### PROBLEM DETAILS
Once the line with "Metallic Glitter Acanthus" is found in the data, output it and each following line exactly, up to and including the line with "For Samsung Galaxy", and nothing before or after.

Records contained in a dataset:
---+---
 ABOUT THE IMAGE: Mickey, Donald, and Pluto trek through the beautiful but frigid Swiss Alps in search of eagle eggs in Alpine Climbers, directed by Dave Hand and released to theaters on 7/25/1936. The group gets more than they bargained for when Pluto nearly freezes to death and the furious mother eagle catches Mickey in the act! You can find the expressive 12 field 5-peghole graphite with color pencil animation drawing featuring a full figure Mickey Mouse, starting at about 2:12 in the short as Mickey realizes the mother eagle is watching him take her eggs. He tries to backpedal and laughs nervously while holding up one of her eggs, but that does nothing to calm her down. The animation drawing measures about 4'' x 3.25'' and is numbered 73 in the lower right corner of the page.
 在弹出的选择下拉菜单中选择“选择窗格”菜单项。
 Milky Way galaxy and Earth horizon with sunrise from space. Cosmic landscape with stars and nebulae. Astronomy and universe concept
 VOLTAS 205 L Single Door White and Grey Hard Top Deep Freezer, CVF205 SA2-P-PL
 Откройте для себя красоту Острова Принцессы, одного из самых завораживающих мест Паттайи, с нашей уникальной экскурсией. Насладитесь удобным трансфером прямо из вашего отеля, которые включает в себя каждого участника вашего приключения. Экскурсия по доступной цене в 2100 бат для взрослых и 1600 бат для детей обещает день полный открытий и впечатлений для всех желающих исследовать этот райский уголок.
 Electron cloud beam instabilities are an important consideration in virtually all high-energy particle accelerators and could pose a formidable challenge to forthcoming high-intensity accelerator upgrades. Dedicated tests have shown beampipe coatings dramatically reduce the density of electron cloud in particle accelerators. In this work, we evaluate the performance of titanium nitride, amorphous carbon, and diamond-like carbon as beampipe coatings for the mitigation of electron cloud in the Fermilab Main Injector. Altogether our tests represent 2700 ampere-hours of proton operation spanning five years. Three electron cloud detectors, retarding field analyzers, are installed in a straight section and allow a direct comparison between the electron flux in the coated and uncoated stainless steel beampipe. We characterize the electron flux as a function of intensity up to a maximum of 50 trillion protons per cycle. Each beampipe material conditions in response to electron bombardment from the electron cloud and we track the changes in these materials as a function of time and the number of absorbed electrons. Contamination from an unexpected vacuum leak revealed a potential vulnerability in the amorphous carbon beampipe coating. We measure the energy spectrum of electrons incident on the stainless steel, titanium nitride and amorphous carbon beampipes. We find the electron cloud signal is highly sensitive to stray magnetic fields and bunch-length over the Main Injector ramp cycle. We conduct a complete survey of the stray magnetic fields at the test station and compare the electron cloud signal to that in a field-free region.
---+---
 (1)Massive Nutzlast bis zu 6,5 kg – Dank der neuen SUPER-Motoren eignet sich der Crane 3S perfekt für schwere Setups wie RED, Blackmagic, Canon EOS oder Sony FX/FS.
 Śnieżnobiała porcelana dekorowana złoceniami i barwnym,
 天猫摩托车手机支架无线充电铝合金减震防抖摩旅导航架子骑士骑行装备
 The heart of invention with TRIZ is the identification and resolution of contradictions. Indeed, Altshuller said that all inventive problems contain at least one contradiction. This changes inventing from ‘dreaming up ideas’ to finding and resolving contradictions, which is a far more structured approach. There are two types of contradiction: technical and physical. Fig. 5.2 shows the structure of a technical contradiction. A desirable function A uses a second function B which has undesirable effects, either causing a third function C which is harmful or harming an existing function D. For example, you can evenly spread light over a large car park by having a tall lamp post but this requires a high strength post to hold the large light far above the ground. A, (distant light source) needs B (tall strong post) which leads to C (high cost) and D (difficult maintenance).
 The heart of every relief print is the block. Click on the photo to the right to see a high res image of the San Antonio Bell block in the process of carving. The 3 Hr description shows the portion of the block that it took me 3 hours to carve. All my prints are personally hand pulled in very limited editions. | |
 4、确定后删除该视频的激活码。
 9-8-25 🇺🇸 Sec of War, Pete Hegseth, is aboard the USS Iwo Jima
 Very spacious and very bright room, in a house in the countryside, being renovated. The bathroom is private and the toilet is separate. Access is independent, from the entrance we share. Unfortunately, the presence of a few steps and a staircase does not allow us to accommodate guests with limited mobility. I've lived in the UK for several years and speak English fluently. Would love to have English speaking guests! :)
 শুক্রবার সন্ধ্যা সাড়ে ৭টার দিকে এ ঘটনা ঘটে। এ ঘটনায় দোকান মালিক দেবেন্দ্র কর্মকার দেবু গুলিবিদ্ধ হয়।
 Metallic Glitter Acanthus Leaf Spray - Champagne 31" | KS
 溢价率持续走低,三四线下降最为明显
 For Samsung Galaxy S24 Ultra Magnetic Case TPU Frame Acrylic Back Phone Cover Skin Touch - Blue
---+---
### FINAL ANSWER
 Metallic Glitter Acanthus Leaf Spray - Champagne 31" | KS
 溢价率持续走低,三四线下降最为明显
 For Samsung Galaxy S24 Ultra Magnetic Case TPU Frame Acrylic Back Phone Cover Skin Touch - Blue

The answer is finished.